The interaction between the UnifiedMemoryManager and the shuffle system is worth examining closely. During a shuffle write phase, each task requests a memory buffer from the Execution pool to hold the spill sorter's in-memory store. If the task gets the memory, it writes shuffle records into ExternalSorter or UnsafeShuffleWriter (depending on serializer support) and merges spill files at the end. If memory is unavailable, the task spills its current in-memory buffer to a temporary spill file on local disk and releases that memory, then continues writing to a fresh buffer. A single shuffle task for a large partition may produce dozens of spill files, which are then merged during the shuffle read phase — a process that itself requires more I/O and more memory for the merge buffers.

Mathematical Model

Every memory region in a Spark executor is a deterministic function of two input parameters: spark.executor.memory (the JVM heap size, denoted H) and spark.memory.fraction (denoted f, default 0.6). The five region sizes are:

Reserved Memory (fixed):

$$R = 300 \text{ MB}$$

This is hardcoded in MemoryManager.scala and is not configurable. It exists to ensure Spark's own bookkeeping structures always have a safe allocation regardless of how the user configures the heap.

Usable Heap:

$$H_u = H - R$$

For spark.executor.memory=16g: $H_u = 16{,}384 \text{ MB} - 300 \text{ MB} = 16{,}084 \text{ MB} \approx 15.7 \text{ GB}$.

User Memory:

$$M_{user} = H_u \times (1 - f)$$

At f=0.6: $M_{user} = 15.7 \times 0.40 = 6.28 \text{ GB}$. This is the upper bound on memory available to user-defined functions and custom in-heap data structures per executor.
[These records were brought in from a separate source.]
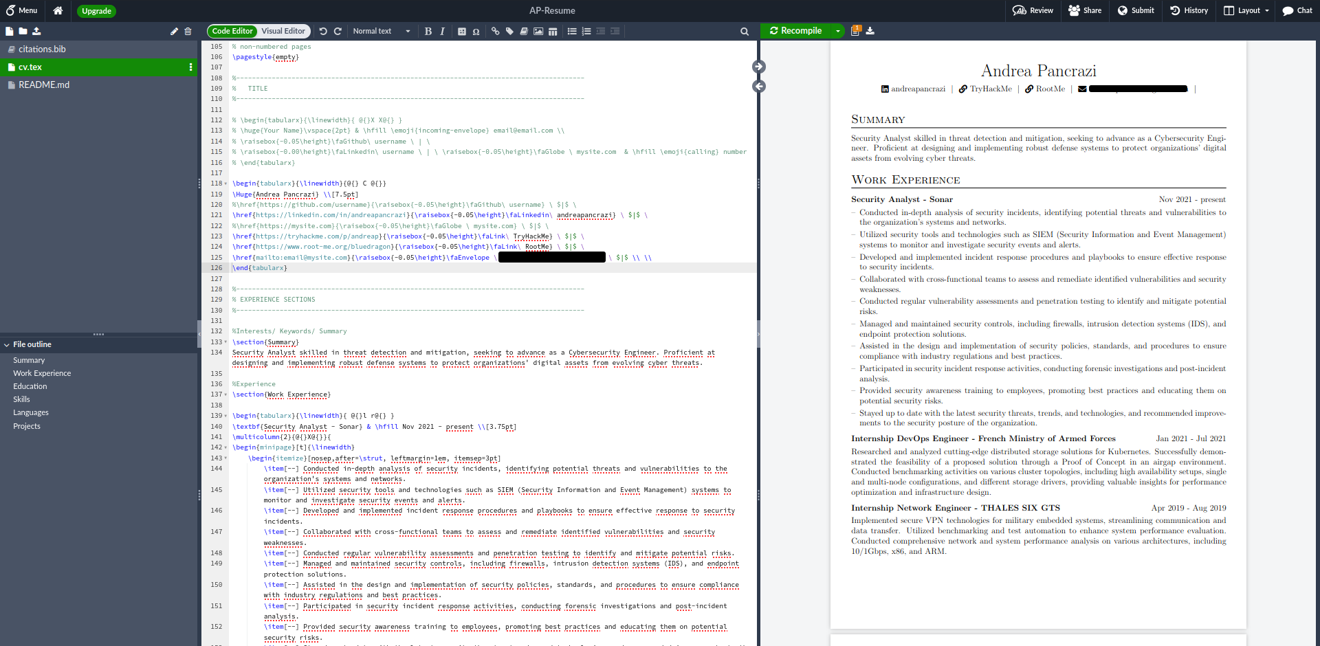 - Focus on the Content - While a visually appealing layout is essential, the content of your resume is what truly matters. Tailor your resume to the specific job you’re applying for, highlighting relevant skills, experiences, and achievements. Draft a brief introduction, no more than three lines for introducing yourself, your job experiences, skills, and education. Consider creating multiple versions of your resume. The only parts that need adjustment are the introduction and the skills section, while the rest like job experiences and education remain constant. For instance, if you’re applying for a pentest job, emphasize your red team skills. For a security engineer role, focus more on blue team skills. And for a threat analyst position, adapt your skills to include expertise in threat intelligence analysis and DFIR. Maintain clarity and brevity in your language. Start by writing down all pertinent information, then refine it through iterative reviews to include only the most essential details.
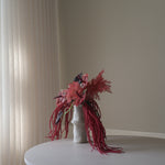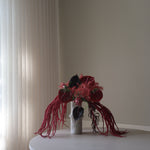 This bouquet is a bold composition of deep red and dark hues, featuring sculptural elements and cascading textures that create a striking visual impact. The contrast between glossy and feathery elements adds depth and movement, making it an eye-catching arrangement.
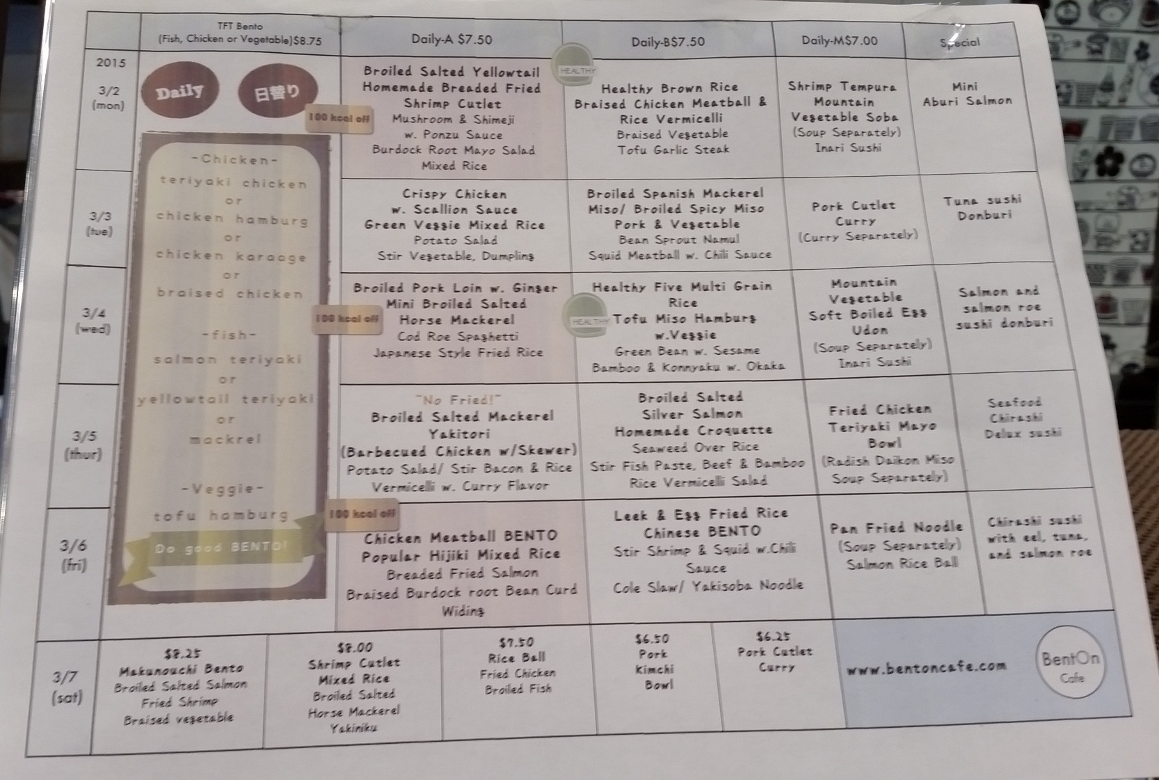 Plenty of signs all around – both outside the store and inside – tell you what you can expect each day of the week. One of ML’s readers alerted me to the amazing Friday chirashi special ($8.75) but warned that if I didn’t get there early, it would sell out. She was right – I got there at about 1:10pm and it was long gone, an empty space where the stacks of bowl probably were. Instead, I grabbed one of the pre-made bento off to one side when the cashier informed me there was also no curry udon to be had. Boo… but she indulged me as I questioned what each item inside the bento was.
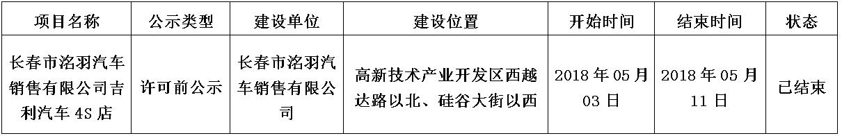 长春市洺羽汽车销售有限公司吉利汽车4S店行政审批批前公示
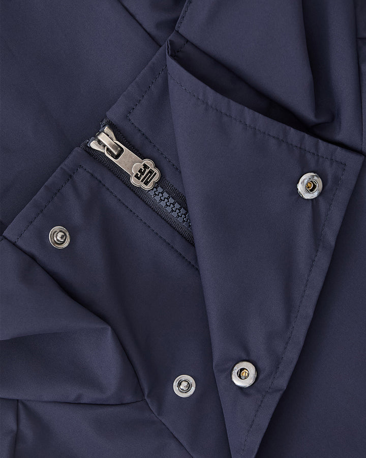 Close-up of the Sundae School NAVY JEOGORI TIE SHELL JACKET, a unisex technical outerwear piece in navy blue with metal snap buttons, a zipper featuring a 3D-engraved pull, and smooth, slightly shiny water-resistant fabric.
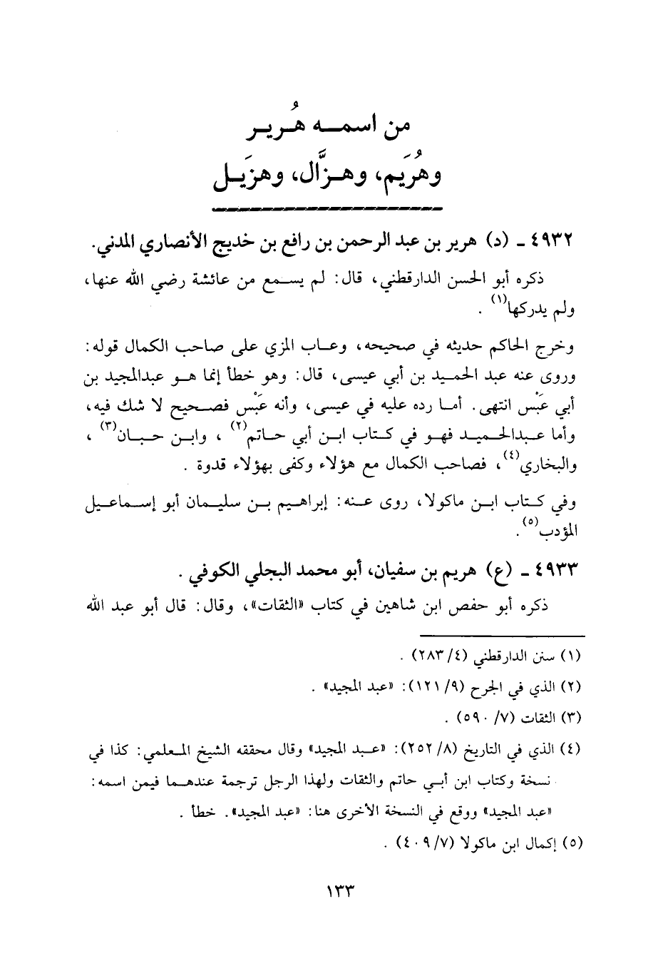 4932 - (د) هرير بن عبد الرحمن بن رافع بن خديج الأنصاري المدني.
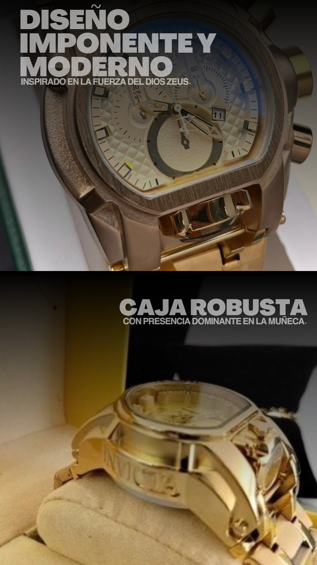 RELOJ INVICTA ZEUS GUAYA DORADO NEGRO - PODER Y PRECISION (CRONOS FUNCIONALES)
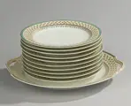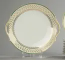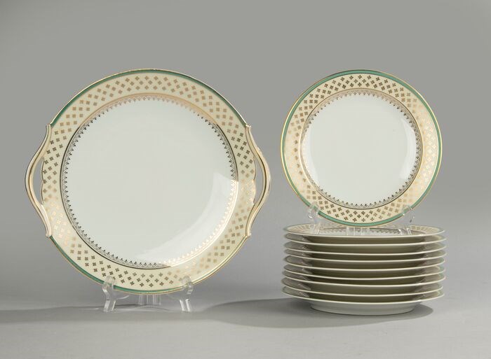 Prachtige set porseleinen cake / gebakservies van het Franse merk Raynaud Limoges. Het servies is gedecoreerd met ivoorkleurige brede randen, een smal groen randje en goudkleurige accenten. De samenstelling van de set is als volgt:
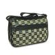 Checkers Collection - Medium Messenger Bag - grey, navy blue fabric body w/ black leather trim
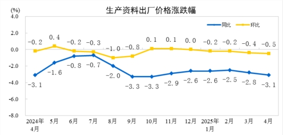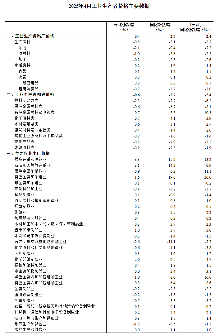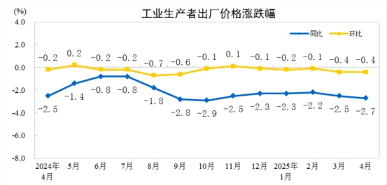 2025年4月份,全國工業(yè)生產(chǎn)者出廠價(jià)格同比下降2.7%,環(huán)比下降0.4%;工業(yè)生產(chǎn)者購進(jìn)價(jià)格同比下降2.7%,環(huán)比下降0.6%。1—4月平均,工業(yè)生產(chǎn)者出廠價(jià)格和購進(jìn)價(jià)格比上年同期均下降2.4%。
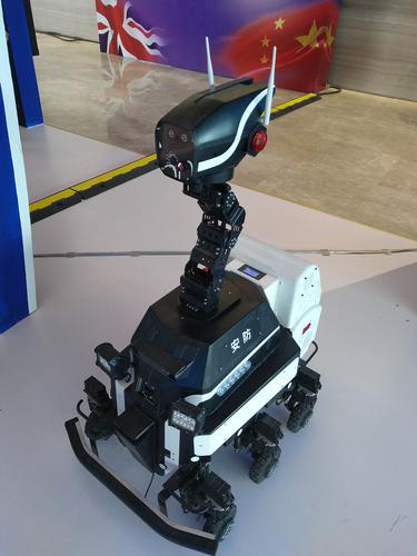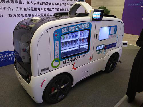 除了这些装备,民用产品也不少:如在小区巡视的六轮机器人。值得注意的是,5G应用成为展出重点。如用于街头零售业的,全球唯一可供货的L4级无人车,还有实时实地360度观景VR,都以5G网络为基础。
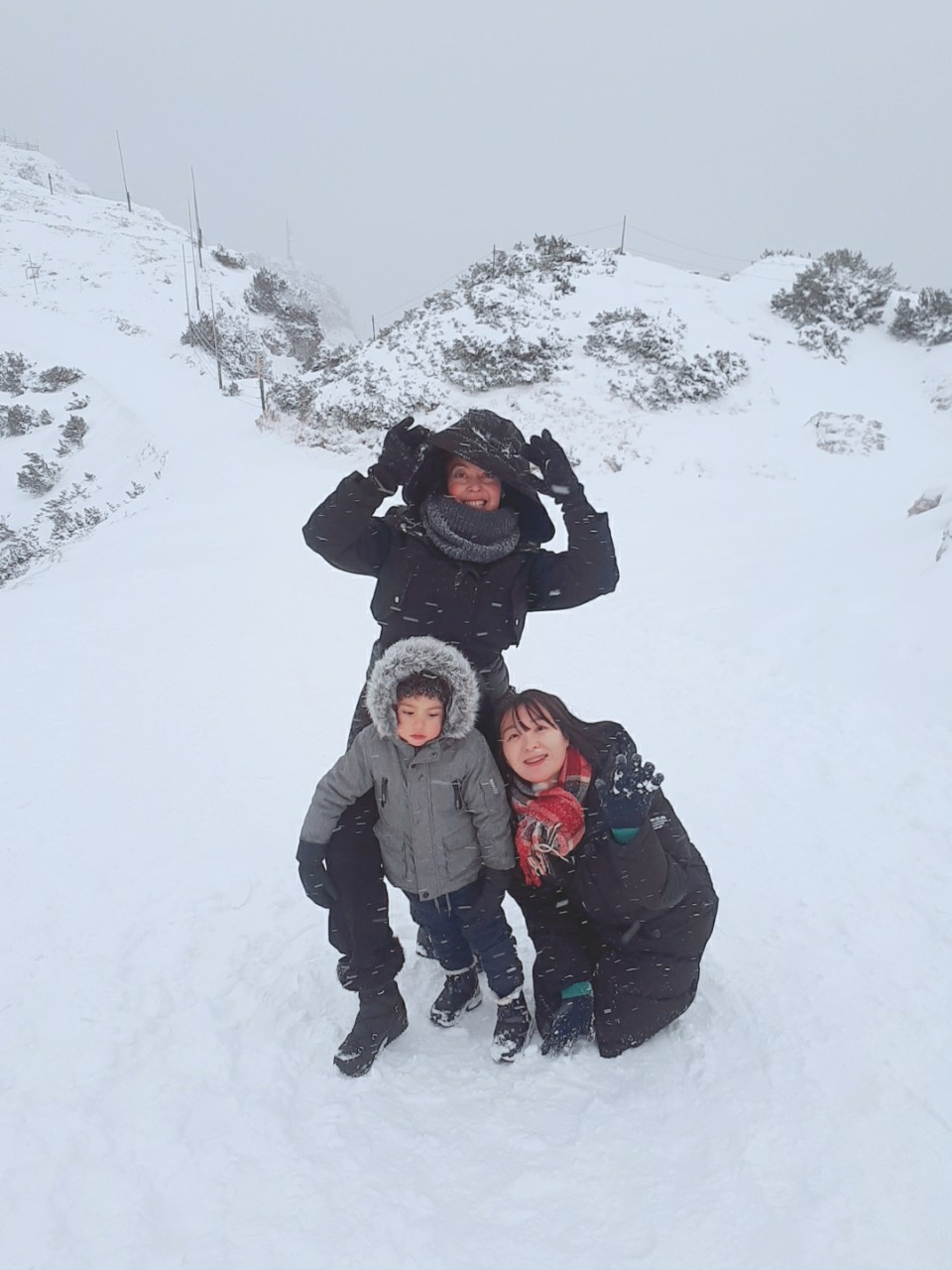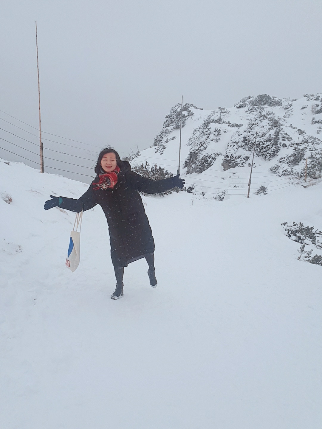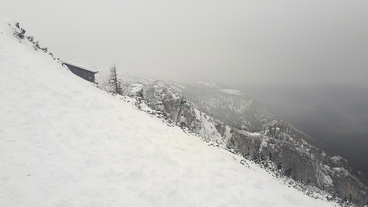 우유니 사막에서도 그렇고, 타이베이 여행을 할 때도 그렇고 여행 중에 날씨 운이 안 좋을 때는 기분이 썩 유쾌하지는 않지만 주어진 상황 속에서 최선의 방법을 찾아야만 했다. 한 시간 정도를 고민한 후, 25번 버스를 타고 운터 스베 르크를 가기로 했다. 운터 스베 르크에 가서 케이블카만 타도 잘츠부르크 카드를 제대로 사용한 것이라는 후기에 끌렸다. 그리고 내내 날씨가 흐린 상황이라면 비가 잠깐이라도 그친 지금, 운터 스베 르크를 가는 것이 현명하지 않을까 하고 생각했다. 25번 버스를 타고 운터 스베 르크에 갔고 그곳에서 설산과 마주했다. 정말 무계획으로 잘츠부르크에 롱 패딩을 장착하고 갔던 나는 롱 패딩 안에 코트, 코트 안에 롱치마를 입었고 발목까지 오는 부츠를 신은 채 설산 앞에 섰다. 십자가가 있는 곳까지 걸어가기에는 내 의상이 받쳐주지 않았다. 케이블카를 타고 고지에 올랐을 때는 눈이 꽤 내리고 있었고 안전망도 제대로 구축되어 있지 않았기 때문에 부츠가 미끄러지면 아찔한 상황까지 마주해야 할는지도 모른다고 생각했다. 트래킹을 좋아하는 나는 저 십자가까지 가고 싶은 마음이 굴뚝한 나머지 부츠를 벗고 걸어가 볼까 하는 미친 생각을 0.1초 정도 하다가 아니야. 추운데 저까지만 가자 하고 부츠가 용인할 수 있는 지역까지 걸어갔다. 스키나 썰매를 타도 될 정도로 경사가 진 곳도 있었다. 날씨만 좋으면 뷰가 최고이지 않을까 하는 생각이 들었다. 여행 중에 계획의 중요성을 처음 깨달은 순간이었다. 그럼에도 불구하고 운터 스베 르크가 좋았던 것은 케이블카를 타면서 느꼈던 아찔함 때문이었다. 해발고도가 높은 보고타에서도 케이블카를 타면서 겁이 나지 않았던 나는 1,776M까지 올라가는 케이블카를 10분 정도 타면서 조금은 무섭다고 생각했다. 다 왔나 싶었는데 슈웅 하더니 쭈욱 올라가더라고. 끊기면 어떡하지? 하는 쓸데없는 생각을 잠깐 하면서 덜덜거리면서 사진을 찍었다. 운터 스베 르크가 독일과 오스트리아의 경계라고 하니 날씨가 좋을 때는 알프스의 풍광, 독일의 모습 모두를 두 눈에 담을 수 있을 것이다.

Unified Spark Memory Pool:

$$M_{spark} = H_u \times f$$

At f=0.6: $M_{spark} = 15.7 \times 0.60 = 9.42 \text{ GB}$.

Storage Memory Floor (guaranteed minimum):

$$M_{storage\text{-}floor} = M_{spark} \times s$$

where s = spark.memory.storageFraction (default 0.5). At defaults: $M_{storage\text{-}floor} = 9.42 \times 0.50 = 4.71 \text{ GB}$. This is the minimum storage retention threshold — the boundary below which execution cannot evict cached blocks.

Per-Task Execution Memory Minimum Guarantee:

$$M_{task\text{-}min} = \frac{M_{spark}}{n}$$

where n = spark.executor.cores (the number of concurrent task slots per executor). This is the minimum grant guaranteed to any single task; a task may grow beyond this minimum if other tasks are not using their share, but can never be allocated less when the pool is under contention. At 4 cores and $M{spark} = 9.42 \text{ GB}$: $M{task\text{-}min} = 9.42 / 4 = 2.36 \text{ GB}$ per task slot.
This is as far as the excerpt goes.